[Your task] Below are some records. Retype exactly the lines from the one containing "Note: The Polycom" through the one containing "- Headband made", both included, skipping every picture.
(Beginning of Excerpted records)
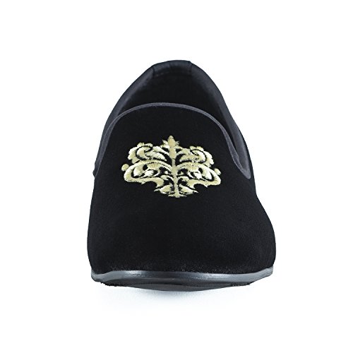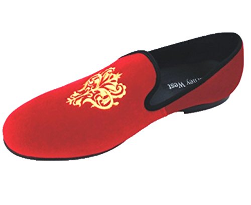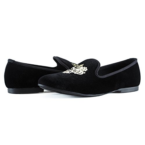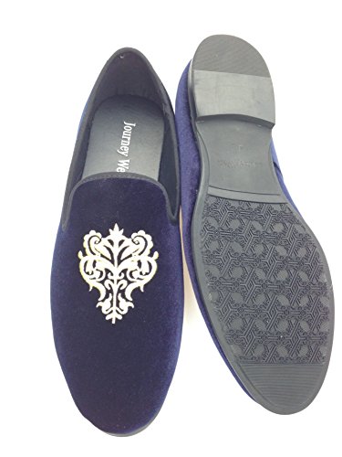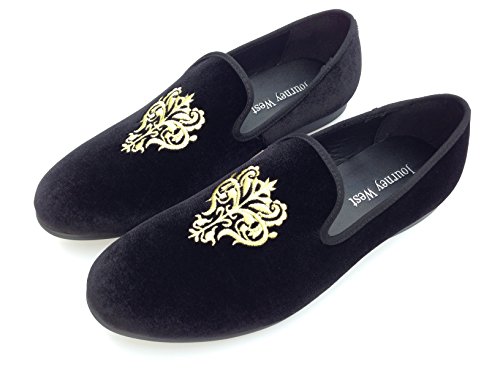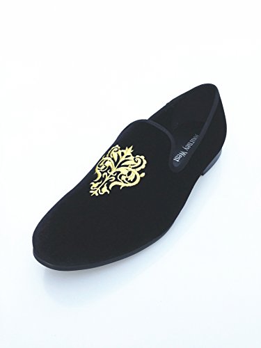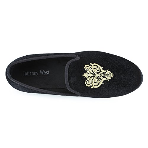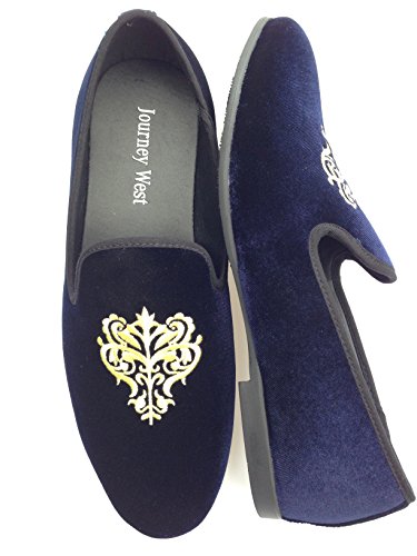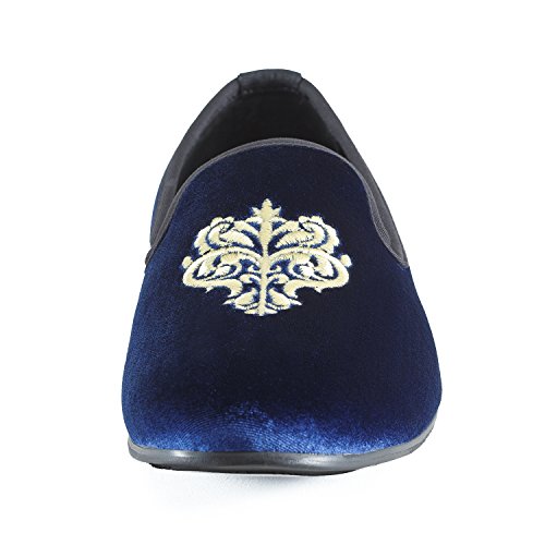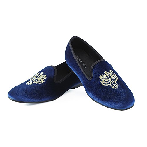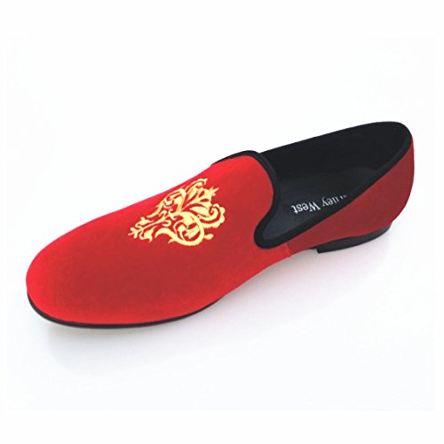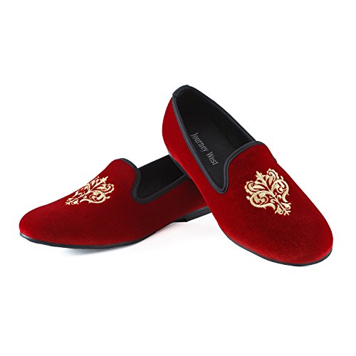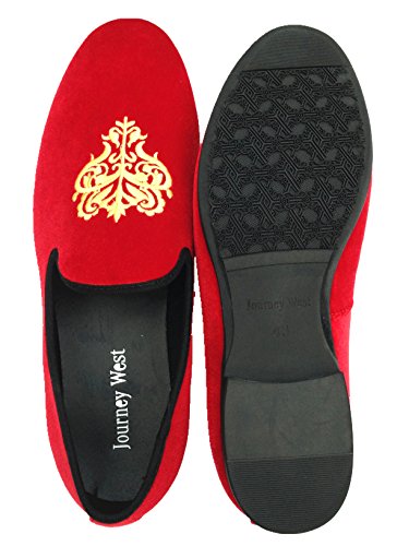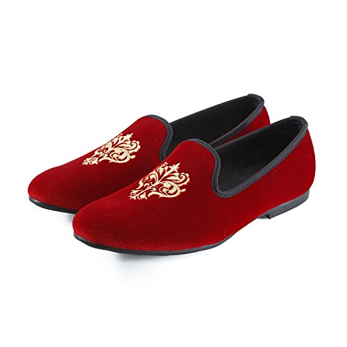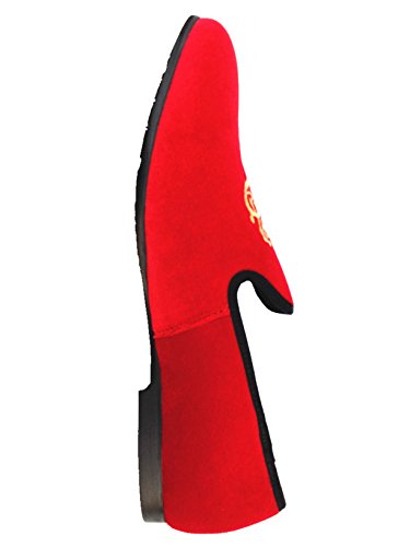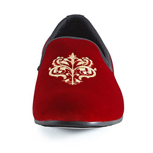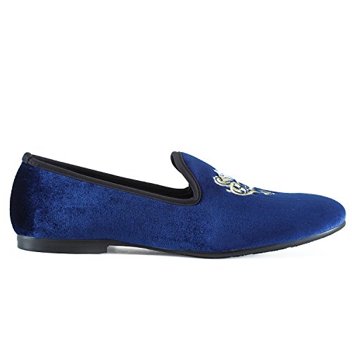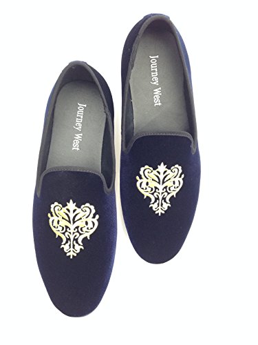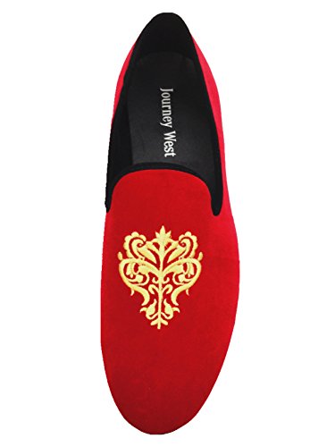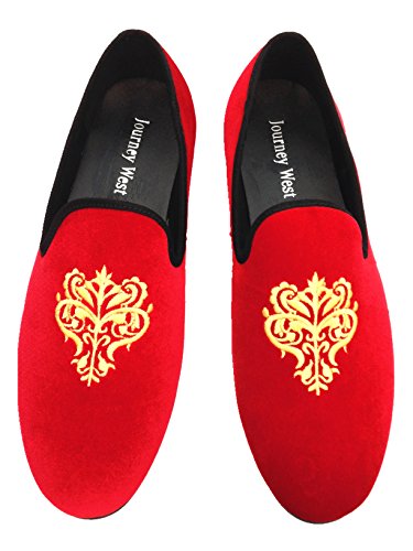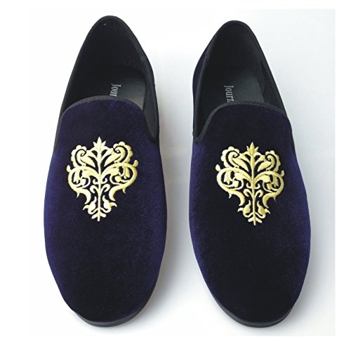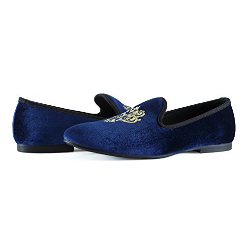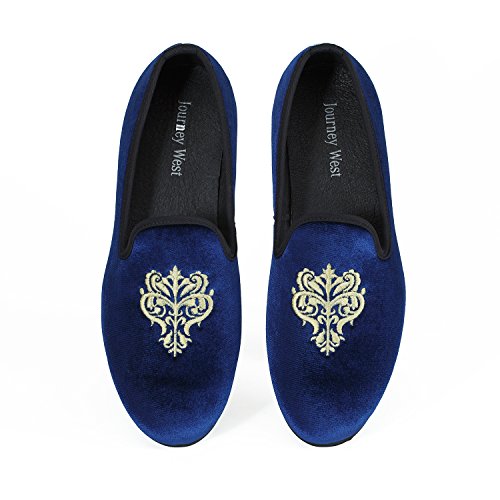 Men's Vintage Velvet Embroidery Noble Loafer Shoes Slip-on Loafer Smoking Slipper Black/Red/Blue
(End of Excerpted records)
(Beginning of Excerpted records)
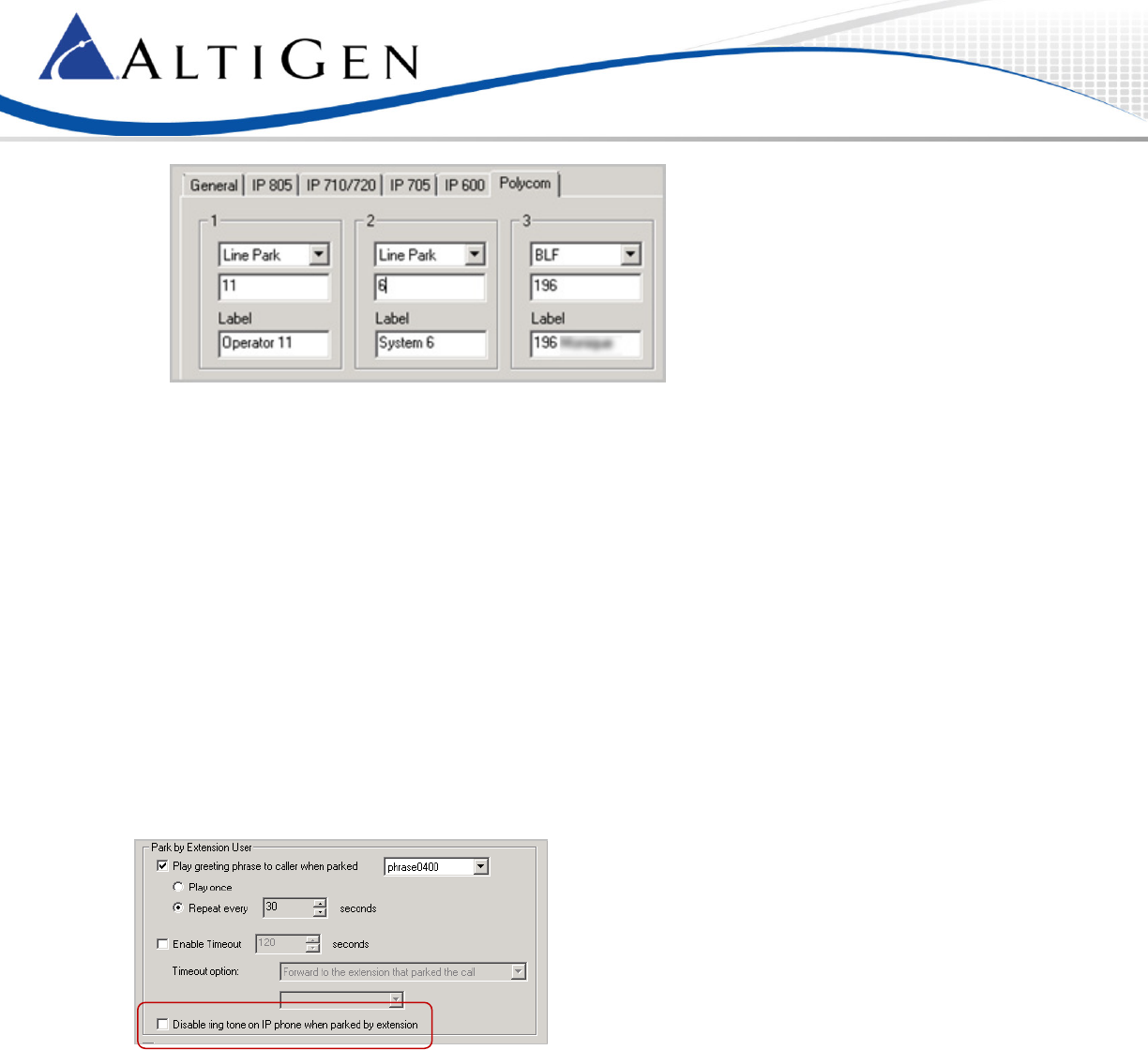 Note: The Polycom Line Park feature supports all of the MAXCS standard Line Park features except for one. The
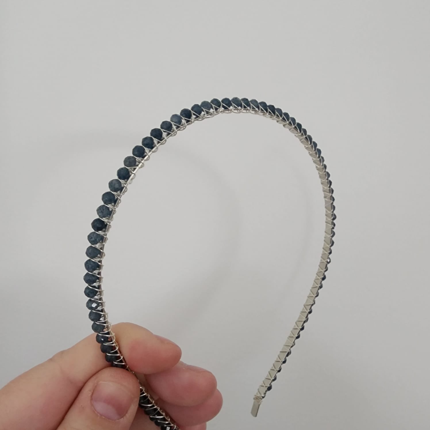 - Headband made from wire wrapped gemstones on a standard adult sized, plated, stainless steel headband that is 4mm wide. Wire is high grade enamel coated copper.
(End of Excerpted records)
(Beginning of Excerpted records)
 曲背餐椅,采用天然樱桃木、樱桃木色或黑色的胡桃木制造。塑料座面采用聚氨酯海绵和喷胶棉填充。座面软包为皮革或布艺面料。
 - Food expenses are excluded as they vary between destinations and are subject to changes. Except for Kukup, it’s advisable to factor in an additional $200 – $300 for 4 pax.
(End of Excerpted records)
[Solved problem]
 Note: The Polycom Line Park feature supports all of the MAXCS standard Line Park features except for one. The
 - Headband made from wire wrapped gemstones on a standard adult sized, plated, stainless steel headband that is 4mm wide. Wire is high grade enamel coated copper.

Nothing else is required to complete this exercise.